# New humi and stash



## 8ball (Feb 17, 2006)

After 5 days of seasoning, I was able to fill my new humi and decided to take some pics of my gars. Everyone loves pictures of cigars, right?

First humi that I bought for $10 from a friend with 5 Thompson dog rockets back in 05 (thankfully, the Thompson's were dried out and made it to the trash can). I now fill it with my cheaper yard gars.

















My pride and joy that I bought in 06 off Cbid. This humi has served me well for almost 4 years. Right now, I just have miscellaneous cigars in her. About 3 weeks ago I had this bursting at the seams which led me to grab another Humi.

























And finally, my new humi purchased in February of 2010 off of Cbid.

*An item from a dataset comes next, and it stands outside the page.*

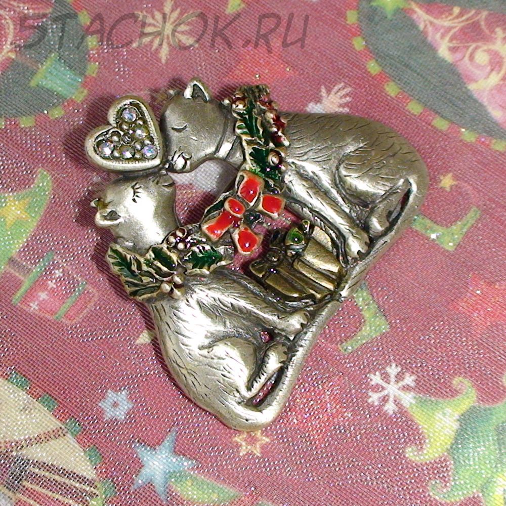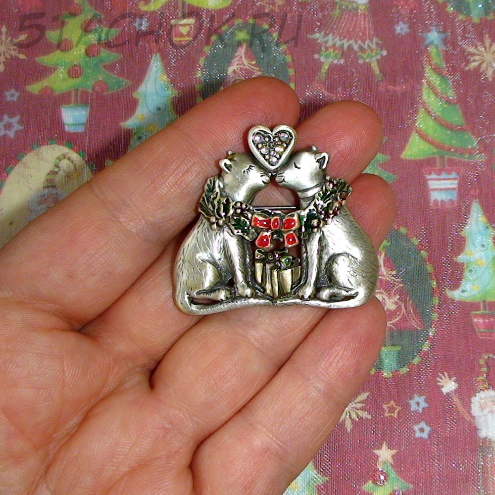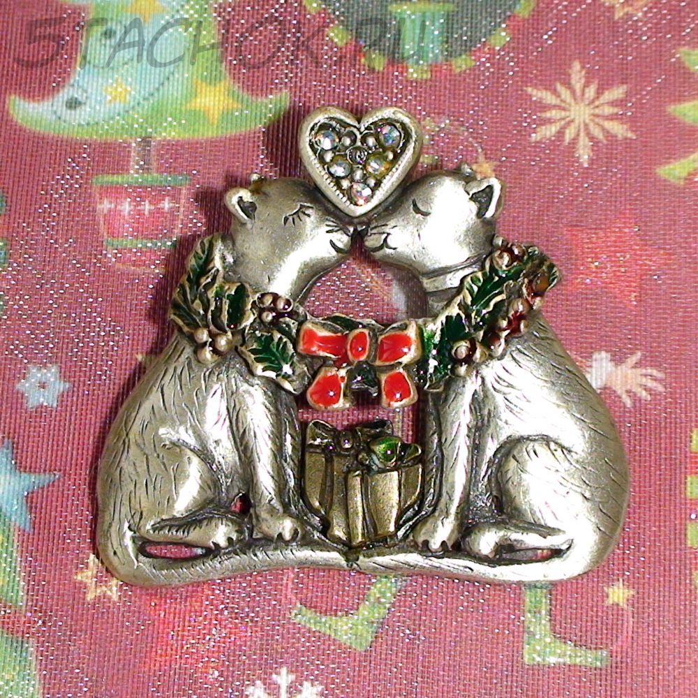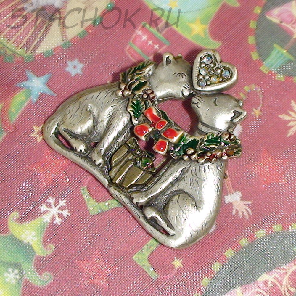 Брошь "Влюбленные котики на Новый год" под олово, эмаль, стразы

If you cannot tell, I love glass. Since I have these on my bar, I can literally stare at my smokes for an hour or more. I've wanted this display humidor for a while and the beads work fantastic for keeping the humidity.

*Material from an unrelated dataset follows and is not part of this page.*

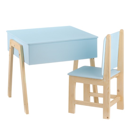 Ο λιτός και μοντέρνος σχεδιασμός με φυσικό ξύλο και απαλή σιέλ επιφάνεια δημιουργεί μια ζεστή και κομψή εικόνα. Το γραφείο διαθέτει αποθηκευτικό χώρο κάτω από το καπάκι, ιδανικό για τη φύλαξη σχολικών ειδών, παιχνιδιών ή αναμνηστικών.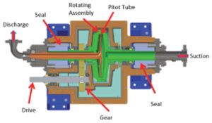 A mechanical seal(s) is used to seal the rotating case. This seal(s) is exposed to only suction pressure. Besides the items required to support a rotating body (i.e. bearing frame and bearings), all pitot pumps are composed of three major parts. Two of these parts make up the rotating case; the rotor cover and rotor. The pitot tube is placed in the center of the rotating case, and has an opening facing opposite the direction of rotation near the periphery of the case. Fluid enters the opening where the tangential velocity is diffused into pressure and conveyed back to the center of the pump where it is discharged via the shaft supporting the pitot tube (Figures 1 and 2). Pitot tube pumps are most commonly available in either coaxial suction and discharge arrangement (Figure 1) or a flow through arrangement (Figure 2) where the suction and discharge are opposed. The important difference between the two is how the pitot tube penetrates the rotating case. In the coaxial arrangement, the pitot tube penetrates through the eye of rotor cover increasing the NPSHr, especially on light hydrocarbons. This arrangement is subject to hydraulic thrust; however, it requires only one seal.

I guess next up would be a vino or a cooler, but at least I still have room for about 50 or more. Now, off to the B & M (does the slope ever end?).:biggrin:


----------



## niqhtridaz (Jan 26, 2010)

nicely done! love the collection!


----------



## Mr.Erskine (Dec 5, 2008)

Verrrrry nice


----------



## Garys4598 (Jan 16, 2010)

Looks _AWESOME!!!_ Thanks for sharing the pics of your set-up and sticks!

~Gary

:cowboyic9:


----------



## jeepthing (Jul 16, 2009)

Very tasty looking collection


----------



## Rookee (Aug 5, 2009)

Very nice, love the naked cigars, they look sooo tasty with the cello off.


----------



## 007 Cruiser (Nov 27, 2009)

Nice stash, I have one of those Thompson humis too.


----------



## 41 ChevHead (Jan 9, 2010)

What a selection !! Im totally druling...!!!


----------



## Christ (Feb 25, 2010)

Very nice!


----------



## cigar loco (Jan 21, 2010)

well done sir, cigars and presentation !! :thumb:


----------



## 8ball (Feb 17, 2006)

Rookee said:


> Very nice, love the naked cigars, they look sooo tasty with the cello off.


Very funny that you say that Rookee, because they were all cello'ed before I put them in a couple of day ago. I just had this feeling that they need to come off for the new humi and man, it looks fantastic.

Thanks for the complements gentlemen. I've only recently started buying higher end smokes. I love this hobby, you can find great cigars in the $2-5 range, and pick up higher ends for special occasions.

Don't even get me started on my pipe collection.


----------



## gibson_es (Jan 23, 2010)

sweet setup i love that last humi.


----------



## CheapHumidors (Aug 30, 2007)

Nice collection!


----------



## Dr. Nick (Jan 12, 2010)

Very nice collection. I really need to take a pic of my humis, maybe tonight. 

I love your newest humidor. I almost got that one instead of my new one.

BTW, Have you had one of the Padilla Habano Artisano Perfecto's or is that your only 1? I was looking at buying some.


----------



## carguy13 (Feb 27, 2010)

that's a great looking humi!!

i envy your collection!!

happy smokin!!:smoke2:


----------



## 8ball (Feb 17, 2006)

Dr. Nick said:


> Very nice collection. I really need to take a pic of my humis, maybe tonight.
> 
> I love your newest humidor. I almost got that one instead of my new one.
> 
> BTW, Have you had one of the Padilla Habano Artisano Perfecto's or is that your only 1? I was looking at buying some.


That is the only one that I have had, and I'm pretty sure that I got that from Shuckins in a PIF. I really wonder if I'll smoke it. It just looks too damn cool.


----------



## gibson_es (Jan 23, 2010)

8ball917 said:


> That is the only one that I have had, and I'm pretty sure that I got that from Shuckins in a PIF. I really wonder if I'll smoke it. It just looks too damn cool.


tis about the coolest damn cigar i have ever seen.....just the looks make me one them.


----------